Every line of the material must be given again verbatim. Skip the images.

Data excerpt Block Start

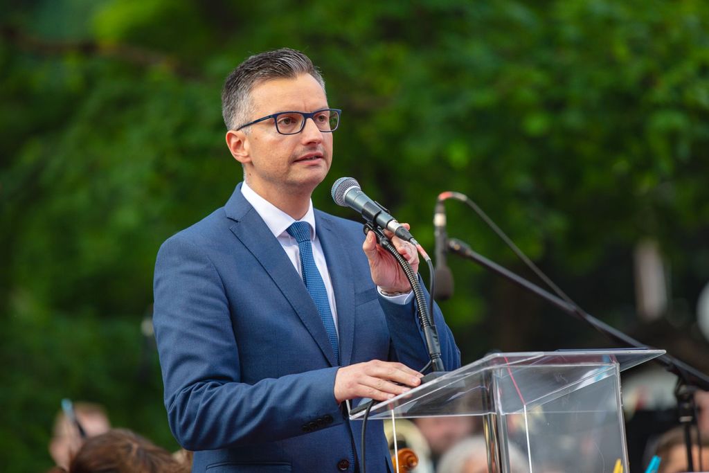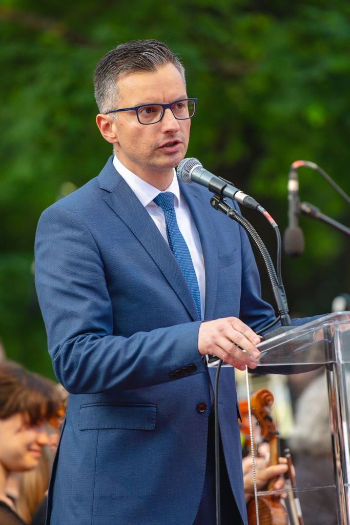 Kot slavnostni govornik je zbrane nagovoril minister za obrambo Marjan Šarec, ki je v svojem nagovoru izpostavil snovanje lastne države, nekatere pomembne mejnike in veterane, ki so nam priborili lastno državo. "20. stoletje je Slovencem postreglo z mnogimi preizkušnjami. Tako kot se je začelo z Rudolfom Maistrom, ki nam je priboril SV del Slovenije, tako se je veličastno končalo z veterankami in veterani vojne za Slovenijo, ki so nam priborili samostojno državo," je povedal minister Šarec. V nadaljevanju je izpostavil tudi to, da moramo praznik svoje države praznovati ponosno. "Vsaka žrtev, ki je padla za samostojno državo, nas spomni, da moramo ponosno izobesiti zastavo, da moramo ponosno praznovati praznik. To smo dolžni njim, ki so darovali največ, kar so imeli – svoja življenja. Za seboj so pustili družine in sanje, ki so jih imeli. V 30 letih samostojne Slovenije zagotovo ni bilo vse idealno. Vendar nas to ne sme odvrniti, da ne bi ponosno praznovali. Kakšno je in bo 21. stoletje, je odvisno od nas samih. Imamo demokratični sistem, volimo svoje predstavnike. Smo del mednarodnih integracij, pred kratkim smo dobili tudi priznanje kot nestalna članica Varnostnega sveta. Nikjer ni vse idealno, vendar pa se moramo truditi za boljše odnose, razvoj, priznavanje pravic in sobivanje," je še povedal minister Šarec.
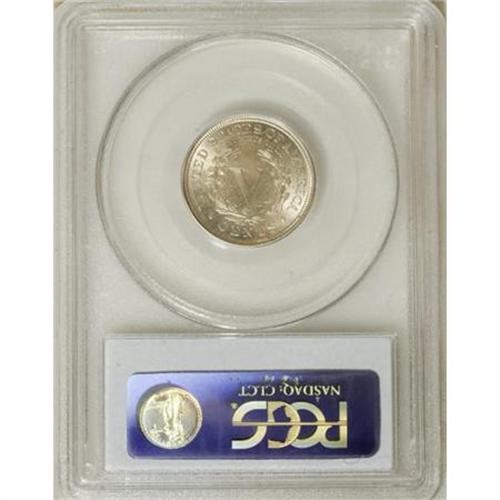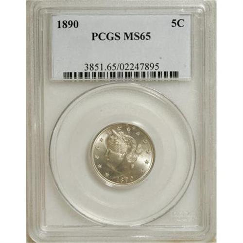 <B>1890 5C MS65 PCGS.</B></I> Soft, swirling luster with delicate nickel-gray and sage patina over each side. Slightly hazy, yet well-defined with excellent eye appeal. Population: 50 in 65, 10 finer (2/08).<BR><BR><B>Coin Engraver:</B> Charles E. Barber<BR><BR><b>Shipping:</b> Coins & Currency (<a target="_blank" href="http://www.heritageauctions.com/common/shipping.php">view shipping information</a>)
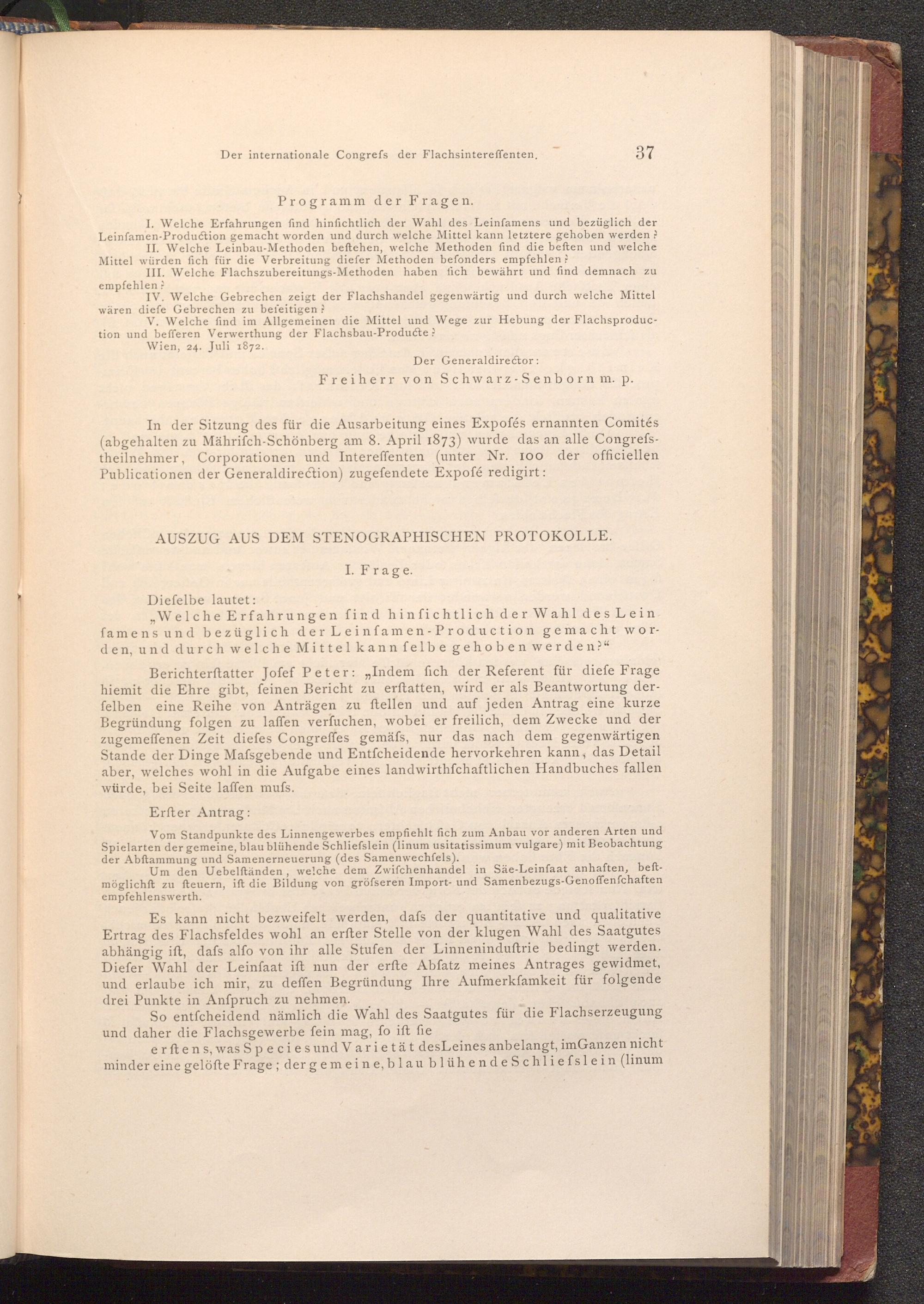 Es kann nicht bezweifelt werden, dafs der quantitative und qualitative Ertrag des Flachsfeldes wohl an erfter Stelle von der klugen Wahl des Saatgutes abhängig ift, dafs alfo von ihr alle Stufen der Linneninduftrie bedingt werden. Diefer Wahl der Leinfaat ift nun der erfte Abfatz meines Antrages gewidmet, und erlaube ich mir, zu deffen Begründung Ihre Aufmerkfamkeit für folgende drei Punkte in Anspruch zu nehmen.

Data excerpt Block End

* **Result**
 Kot slavnostni govornik je zbrane nagovoril minister za obrambo Marjan Šarec, ki je v svojem nagovoru izpostavil snovanje lastne države, nekatere pomembne mejnike in veterane, ki so nam priborili lastno državo. "20. stoletje je Slovencem postreglo z mnogimi preizkušnjami. Tako kot se je začelo z Rudolfom Maistrom, ki nam je priboril SV del Slovenije, tako se je veličastno končalo z veterankami in veterani vojne za Slovenijo, ki so nam priborili samostojno državo," je povedal minister Šarec. V nadaljevanju je izpostavil tudi to, da moramo praznik svoje države praznovati ponosno. "Vsaka žrtev, ki je padla za samostojno državo, nas spomni, da moramo ponosno izobesiti zastavo, da moramo ponosno praznovati praznik. To smo dolžni njim, ki so darovali največ, kar so imeli – svoja življenja. Za seboj so pustili družine in sanje, ki so jih imeli. V 30 letih samostojne Slovenije zagotovo ni bilo vse idealno. Vendar nas to ne sme odvrniti, da ne bi ponosno praznovali. Kakšno je in bo 21. stoletje, je odvisno od nas samih. Imamo demokratični sistem, volimo svoje predstavnike. Smo del mednarodnih integracij, pred kratkim smo dobili tudi priznanje kot nestalna članica Varnostnega sveta. Nikjer ni vse idealno, vendar pa se moramo truditi za boljše odnose, razvoj, priznavanje pravic in sobivanje," je še povedal minister Šarec.
 <B>1890 5C MS65 PCGS.</B></I> Soft, swirling luster with delicate nickel-gray and sage patina over each side. Slightly hazy, yet well-defined with excellent eye appeal. Population: 50 in 65, 10 finer (2/08).<BR><BR><B>Coin Engraver:</B> Charles E. Barber<BR><BR><b>Shipping:</b> Coins & Currency (<a target="_blank" href="http://www.heritageauctions.com/common/shipping.php">view shipping information</a>)
 Es kann nicht bezweifelt werden, dafs der quantitative und qualitative Ertrag des Flachsfeldes wohl an erfter Stelle von der klugen Wahl des Saatgutes abhängig ift, dafs alfo von ihr alle Stufen der Linneninduftrie bedingt werden. Diefer Wahl der Leinfaat ift nun der erfte Abfatz meines Antrages gewidmet, und erlaube ich mir, zu deffen Begründung Ihre Aufmerkfamkeit für folgende drei Punkte in Anspruch zu nehmen.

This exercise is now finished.